=== SUPPLIED MATERIAL ===

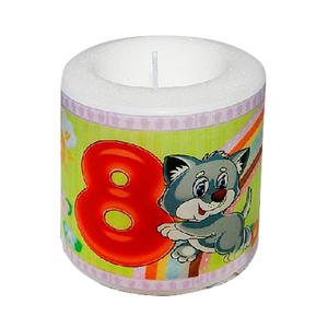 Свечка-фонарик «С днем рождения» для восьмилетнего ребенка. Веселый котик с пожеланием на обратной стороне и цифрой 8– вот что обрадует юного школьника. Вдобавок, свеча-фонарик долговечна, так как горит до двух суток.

===
=== SUPPLIED MATERIAL ===

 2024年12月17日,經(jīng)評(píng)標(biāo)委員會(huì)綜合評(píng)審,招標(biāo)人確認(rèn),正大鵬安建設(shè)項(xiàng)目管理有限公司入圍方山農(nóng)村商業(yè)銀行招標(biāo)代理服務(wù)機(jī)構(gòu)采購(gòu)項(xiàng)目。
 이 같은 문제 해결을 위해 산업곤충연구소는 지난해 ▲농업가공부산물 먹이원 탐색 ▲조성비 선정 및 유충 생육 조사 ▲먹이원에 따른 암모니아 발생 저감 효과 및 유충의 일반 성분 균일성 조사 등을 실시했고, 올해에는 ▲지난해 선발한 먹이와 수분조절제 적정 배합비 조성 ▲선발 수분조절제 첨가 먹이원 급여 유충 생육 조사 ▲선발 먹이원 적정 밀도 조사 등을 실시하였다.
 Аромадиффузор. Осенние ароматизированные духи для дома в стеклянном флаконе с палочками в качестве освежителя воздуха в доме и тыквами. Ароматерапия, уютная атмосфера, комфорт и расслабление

===

- **WHAT YOU NEED TO DO**
Among the records above, repeat exactly the line with "2024年12月17日,經(jīng)評", the line with "이 같은 문제 해결을", and every line in between, and only those.

- **PROBLEM SOLUTION**
 2024年12月17日,經(jīng)評(píng)標(biāo)委員會(huì)綜合評(píng)審,招標(biāo)人確認(rèn),正大鵬安建設(shè)項(xiàng)目管理有限公司入圍方山農(nóng)村商業(yè)銀行招標(biāo)代理服務(wù)機(jī)構(gòu)采購(gòu)項(xiàng)目。
 이 같은 문제 해결을 위해 산업곤충연구소는 지난해 ▲농업가공부산물 먹이원 탐색 ▲조성비 선정 및 유충 생육 조사 ▲먹이원에 따른 암모니아 발생 저감 효과 및 유충의 일반 성분 균일성 조사 등을 실시했고, 올해에는 ▲지난해 선발한 먹이와 수분조절제 적정 배합비 조성 ▲선발 수분조절제 첨가 먹이원 급여 유충 생육 조사 ▲선발 먹이원 적정 밀도 조사 등을 실시하였다.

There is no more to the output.